When people share "the DELSU cutoff" on social media, they are almost always referring to the institutional minimum — which tells you almost nothing about your actual chances in a competitive department like Medicine, Law, or Computer Science.
How Departmental Cutoffs Are Actually Set
| Factor | Effect on Cutoff |
|---|---|
| Number of available slots | Fewer slots relative to applicants pushes the cutoff higher |
| Total applicant pool for the course | More applicants for the same slots raises competition |
| National demand trends | Courses trending nationally (e.g. Medicine, Computer Science) tend to have persistently high cutoffs |
| Catchment quota reservation | A portion of slots reserved for catchment candidates can lower the effective catchment cutoff |
This is why the same JAMB score can comfortably clear one department's cutoff and fall short of another's in the same faculty. Always check your specific department's historical range with the Admission Cutoff Checker rather than relying on a general "DELSU cutoff" figure.
How to Read a Published Cutoff List Correctly
- Find your exact department, not just your faculty — cutoffs vary significantly within the same faculty.
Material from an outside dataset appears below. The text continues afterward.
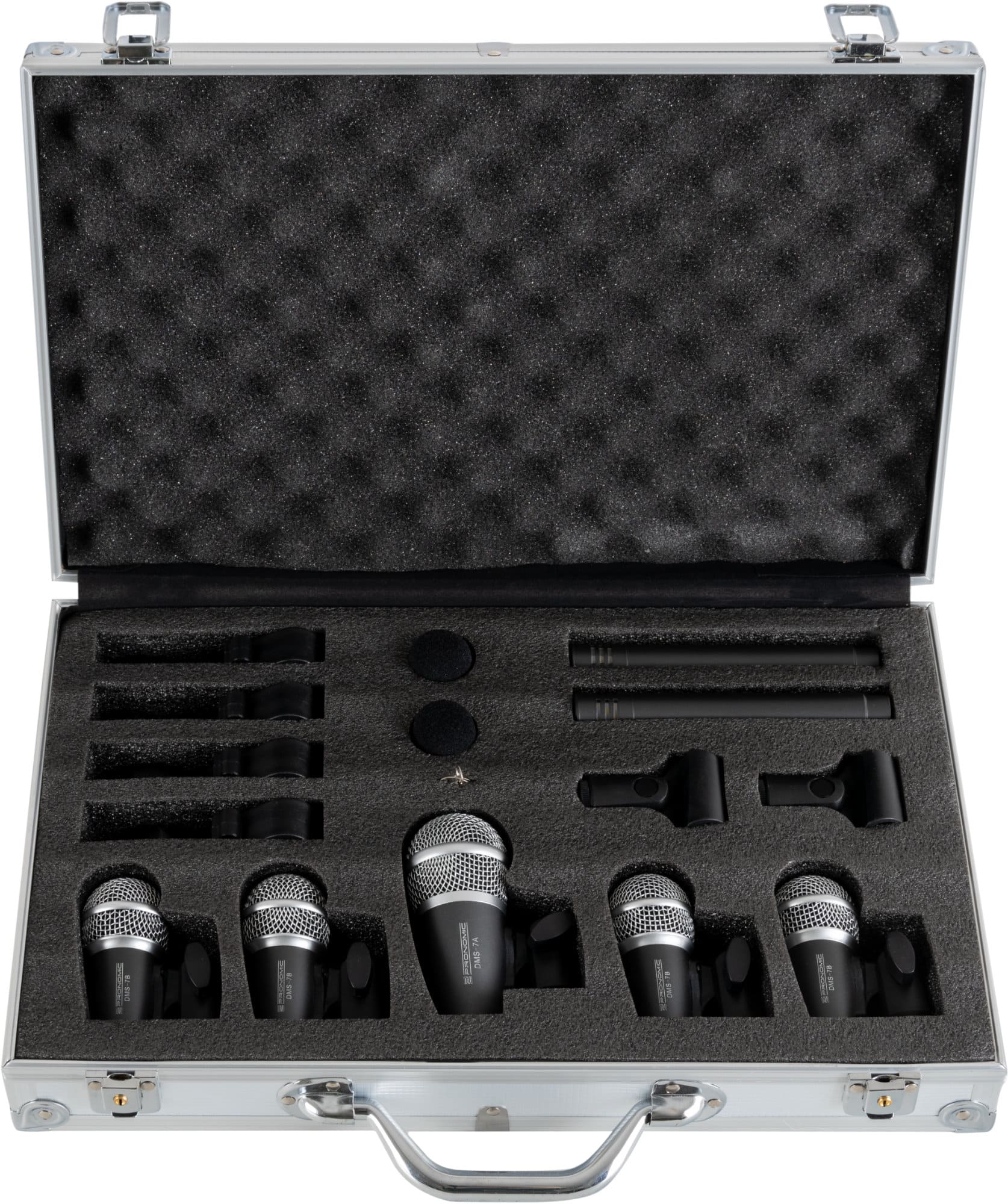 Das DMS-7 bietet druckvollen Sound mit hoher Dynamik und brillantem Attack. Das Set ist die ideale Wahl zur Abnahme Deines Schlagzeuges, gleichermaßen live oder im Studio. Im Lieferumfang enthalten sind 1 Bass Drum-Mikrofon, 4 Tom/Snare Drum-Mikrofone mit Rim-Klemmen sowie 2 Elektret-Overhead-Mikrofone. Dadurch ist eine optimale Abnahme des Drumsets gewährleistet.

- Check whether the figure is a merit or catchment cutoff — see our full Catchment Area Policy guide for how to determine your status.
- Treat published cutoffs as historical guidance, not a guarantee — the actual cutoff for the current cycle can shift with applicant volume.
- Factor in your Post-UTME screening performance, since your final ranking combines both — see our Post-UTME Screening guide.
Merit vs Catchment Cutoff: A Conceptual Example
| Candidate Type | Effective Cutoff Behaviour | What to Check |
|---|---|---|
| Non-catchment, competitive department | Measured against the full merit cutoff | Historical merit range for the exact department |
| Catchment, same department | May be measured against a lower reserved-quota cutoff | Whether your LGA/state genuinely qualifies as catchment |
| Non-catchment, less competitive department | Cutoff often close to the institutional minimum | Departmental slot availability that cycle |
Where Cutoff Research Fits Into Your Overall Strategy
Researching cutoffs properly is most valuable when done before you finalize your JAMB course choices, not after results are already out and options are narrowing. If you're reading this while still deciding on your course selection, use the time now to build the realistic shortlist described above; if you're reading this after results, focus your energy on the department-specific figures for the choice you've already made, and on preparing seriously for screening as the lever still within your control. Either way, pair this research with a genuine gap-year contingency plan (repeat UTME preparation, pre-degree, or an alternative institution) so a single cycle's outcome, whichever way it goes, doesn't feel like your only chance.
Common Mistakes Students Make With Cutoff Marks
- Comparing this year's score to last year's cutoff as if it's fixed. Cutoffs shift with applicant volume every cycle.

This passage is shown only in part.